En cuanto al apoyo directo a los productores, Chile registraba un nivel de 25,2%, seguido por Paraguay con 22,4% y Brasil con 19,1%.
Argentina presenta una situación diferente. Su indicador de apoyo al productor era negativo, con -19,3%, lo que refleja una transferencia de recursos desde los productores hacia otros sectores de la economía. Además, era el único país analizado con un apoyo total negativo, de -1,9%.
En contraste, Costa Rica registraba el mayor apoyo total al sector, equivalente a 3,15% de su PIB, seguida por Colombia, con 1,1%.
El impacto de las políticas sobre los consumidores también varía considerablemente. Perú (-33,7%), Paraguay (-30,6%) y México (-23,1%) presentaban algunos de los indicadores negativos más elevados, asociados con precios internos más altos derivados de mecanismos de transferencia hacia los productores.
Agtech gana terreno en América Latina
Una de las principales recomendaciones es fortalecer los institutos nacionales de investigación agropecuaria y acelerar la incorporación de digitalización, Agtech y servicios de extensión digital.
La región ya cuenta con un ecosistema tecnológico en expansión. De acuerdo con el Radar Agtech 2026, elaborado por IICA, EMBRAPA, SP Ventures y Homo Ludens, existen 2.656 startups tecnológicas vinculadas con el sector agropecuario en América Latina y el Caribe.
Brasil concentra ampliamente este mercado con 2.075 empresas, seguido por Argentina con 158, México con 110 y Colombia con 79.
Sin embargo, el desarrollo de las instituciones públicas dedicadas a investigación, desarrollo e innovación agrícola continúa siendo desigual. Entre los modelos regionales más consolidados destaca la Empresa Brasileña de Investigación Agropecuaria (EMBRAPA).
Riego, logística y trazabilidad, entre las prioridades
La agenda planteada por la OCDE también pone énfasis en las inversiones en riego y drenaje, especialmente ante escenarios de mayor estrés hídrico, sequías e inundaciones asociados con la variabilidad climática y fenómenos como El Niño.
La infraestructura no se limita al manejo del agua. La región requiere mejorar carreteras rurales y accesos a mercados, sistemas logísticos y cadenas de frío, tanto para aumentar la competitividad como para disminuir las pérdidas de alimentos.
Otro frente estratégico es la denominada infraestructura de calidad, que incluye sistemas de trazabilidad y laboratorios capaces de responder a las nuevas exigencias del comercio internacional.
Estas capacidades cobran mayor importancia frente a regulaciones ambientales y sanitarias internacionales, como las disposiciones europeas contra productos asociados con la deforestación, así como los límites de residuos de pesticidas y los requisitos de inocuidad alimentaria.

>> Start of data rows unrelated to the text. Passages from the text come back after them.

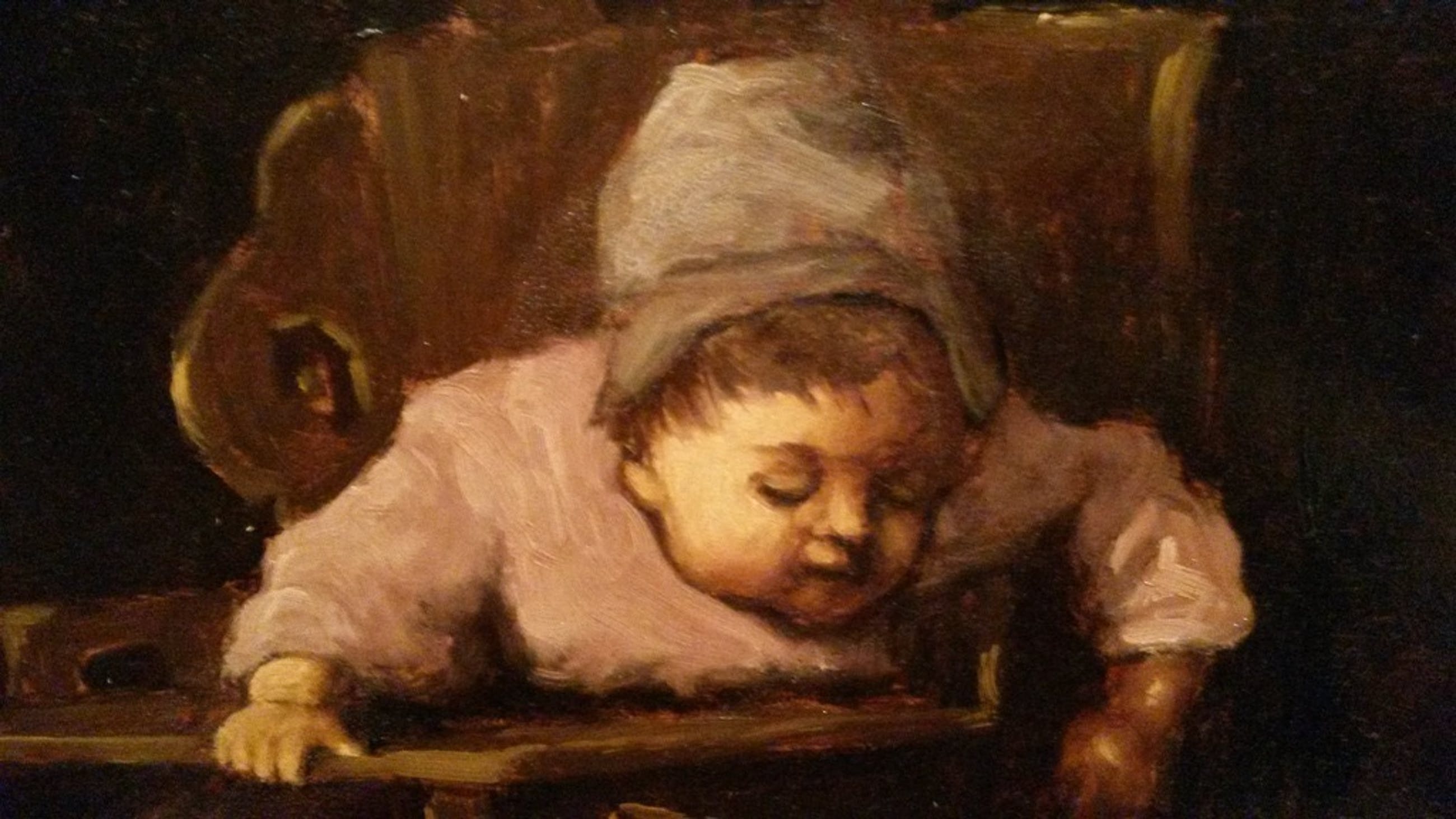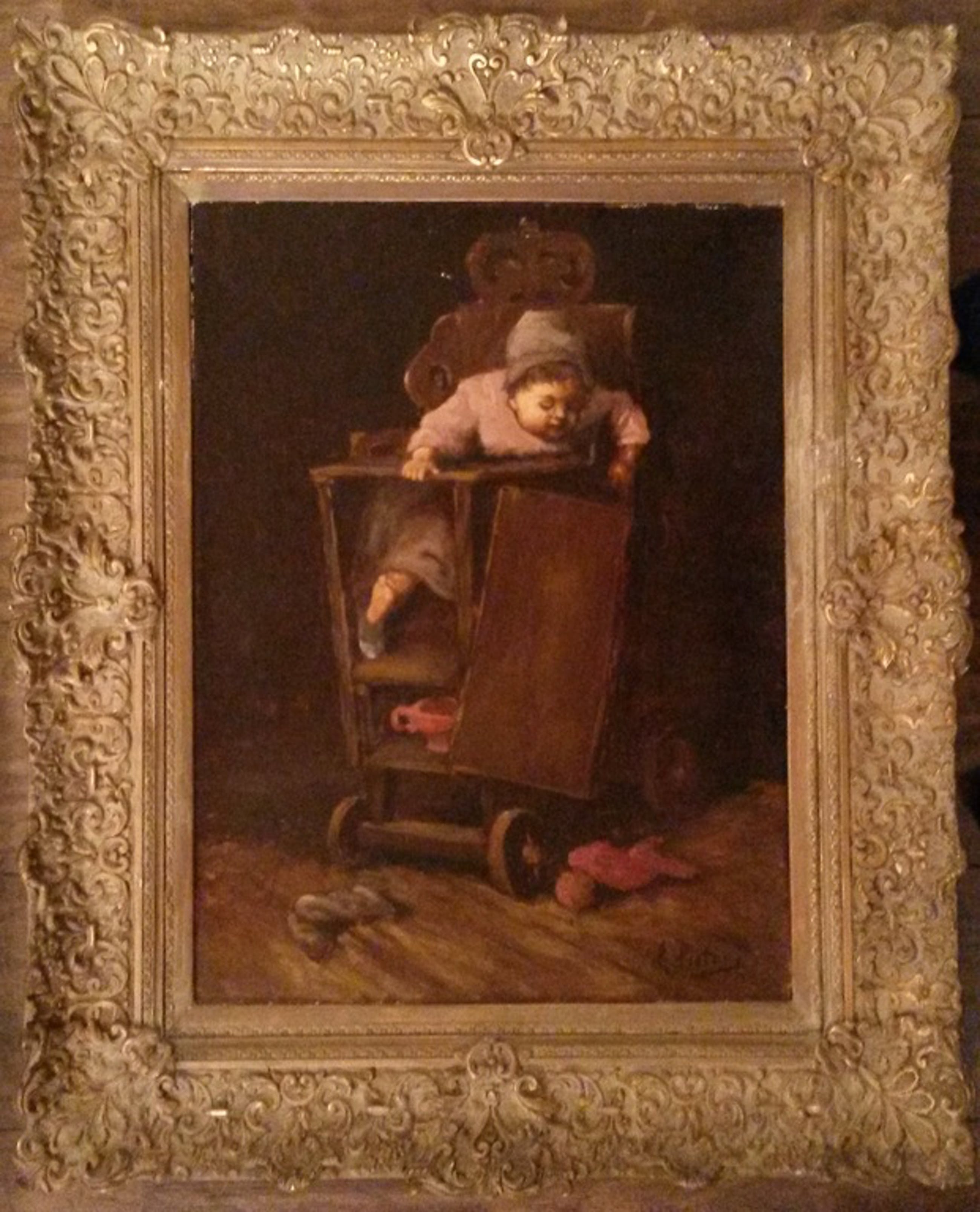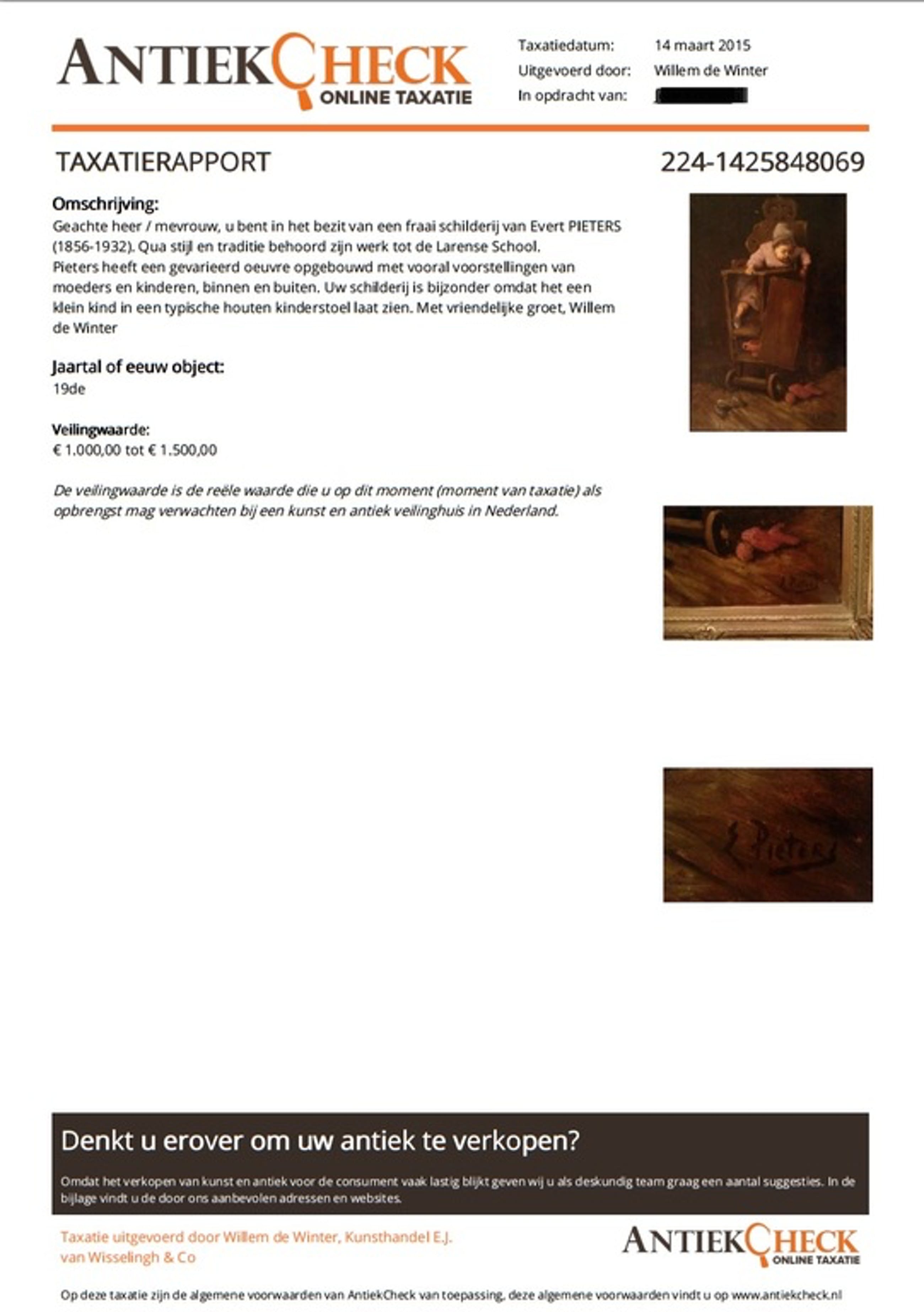 Geachte heer / mevrouw, u bent in het bezit van een fraai schilderij van Evert PIETERS (1856-1932). Qua stijl en traditie behoord zijn werk tot de Larense School. Pieters heeft een gevarieerd oeuvre opgebouwd met vooral voorstellingen van moeders en kinderen, binnen en buiten. Uw schilderij is bijzonder omdat het een klein kind in een typische houten kinderstoel laat zien. Met vriendelijke groet, Willem de Winter
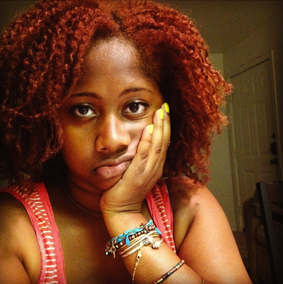 I: Well, wash days occur every two weeks. Since my hair is now color treated I use Quantum’s Riveting Reds Shampoo and Conditioner to keep my color refreshed. Before I used Giovanni Smooth As Silk Shampoo and Conditioner. After I shampoo and condition, I detangle my hair in 6 sections with Cantu Leave-In Conditioning Repair Cream. I’ve only used that for a month and I love it! I used to use Giovanni Direct Leave-In Conditioner. Once I detangle, I plait each of my sections, which serves multiple purposes. Not only does it keep my hair detangled, I stretches my hair a little.
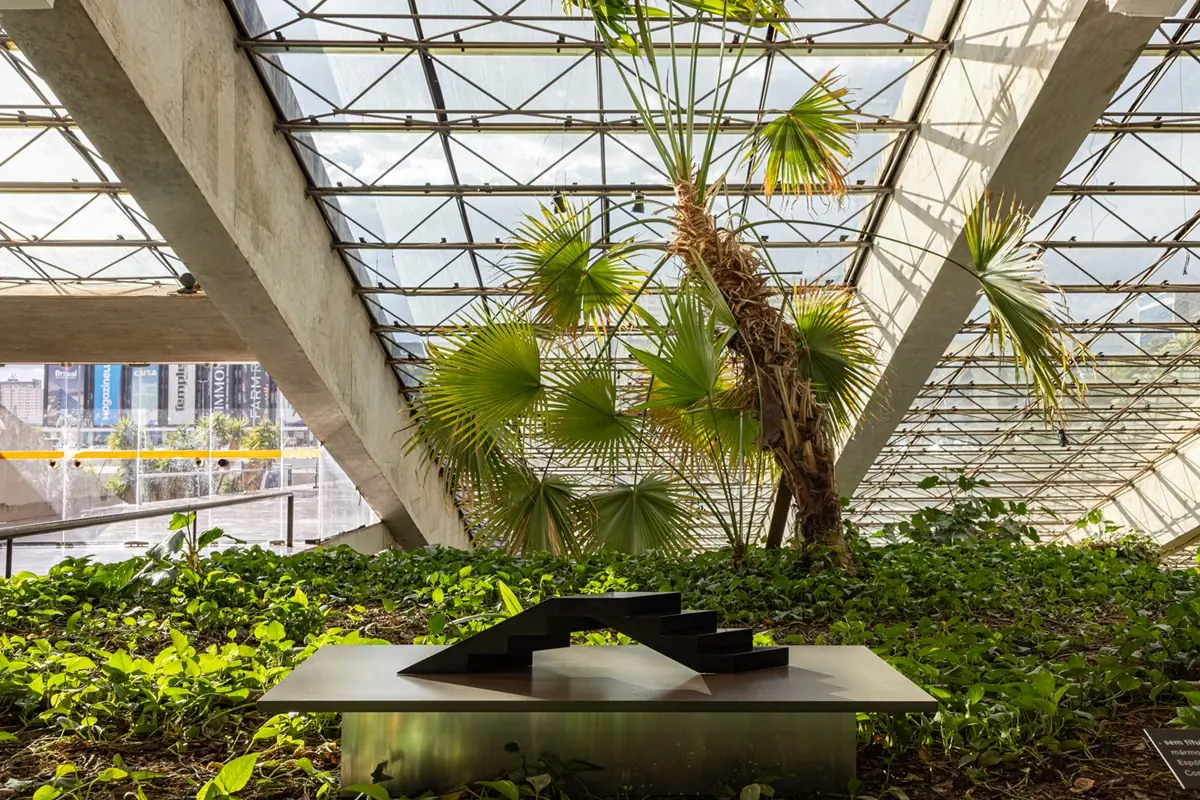Escultura abstrata iluminada pela claraboia no percurso sensorial. (Foto: Instagram)
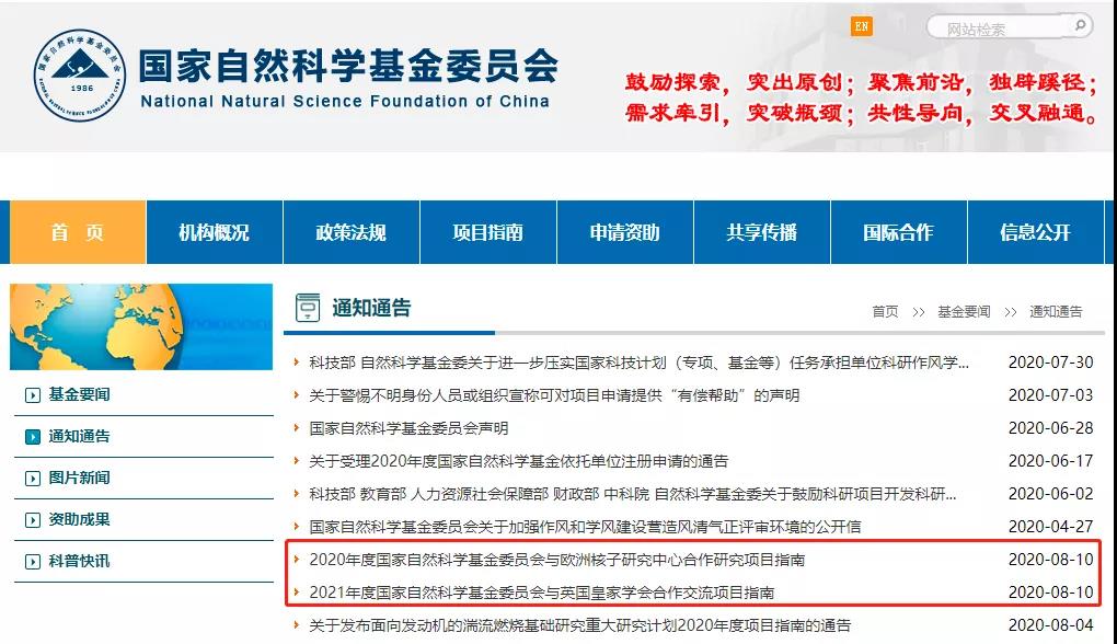 8月10日,國家自然科學(xué)基金委官網(wǎng)發(fā)布了2020年度與歐洲核子研究中心合作研究項(xiàng)目指南和2021年度與英國皇家學(xué)會合作交流項(xiàng)目指南。在最新發(fā)布的這兩批項(xiàng)目中,國家自然科學(xué)基金擬對與歐洲核子研究中心合作研究項(xiàng)目,給予單項(xiàng)最高1000萬元人民幣的直接費(fèi)用資助。
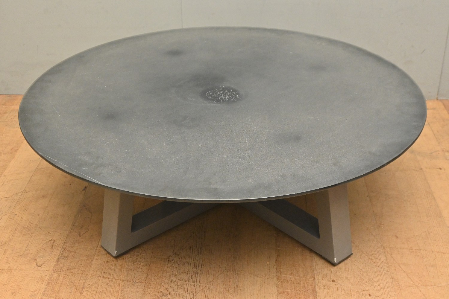 A CONTEMPORARY METAL BASED COFFEE TABLE WITH GLASS TOP BY MAMA GREEN (A/F) (40H X 120D CM) (LEONARD JOEL DELIVERY SIZE: X-LARGE)

Los sistemas de información también forman parte de la agenda. Censos agropecuarios, estadísticas y observatorios especializados pueden aportar información para anticipar riesgos climáticos, evaluar mercados y orientar tanto inversiones privadas como decisiones de política pública.
Más productividad podría reducir hambre y emisiones
La incorporación de tecnología podría tener efectos que van más allá de la rentabilidad del sector.
El informe conjunto Perspectivas Agrícolas 2025-2034 de la OCDE y la FAO plantea que un escenario en el que las inversiones tecnológicas permitan incrementar 15% la productividad agrícola podría reducir significativamente la subalimentación mundial durante ese periodo.
Si esas tecnologías son además climáticamente inteligentes, el mismo escenario podría generar una reducción de 7% en las emisiones de gases de efecto invernadero.
Para América Latina y el Caribe, una de las principales conclusiones es que el futuro del agro dependerá no solo del nivel de apoyo financiero que reciba el sector, sino de cómo se asignen esos recursos.
El fortalecimiento de la investigación, la innovación Agtech, la infraestructura hídrica y logística, los sistemas de trazabilidad y la información sectorial aparece así como una agenda estratégica para elevar la productividad y, al mismo tiempo, preparar al sector agropecuario regional frente a un entorno climático y comercial cada vez más exigente.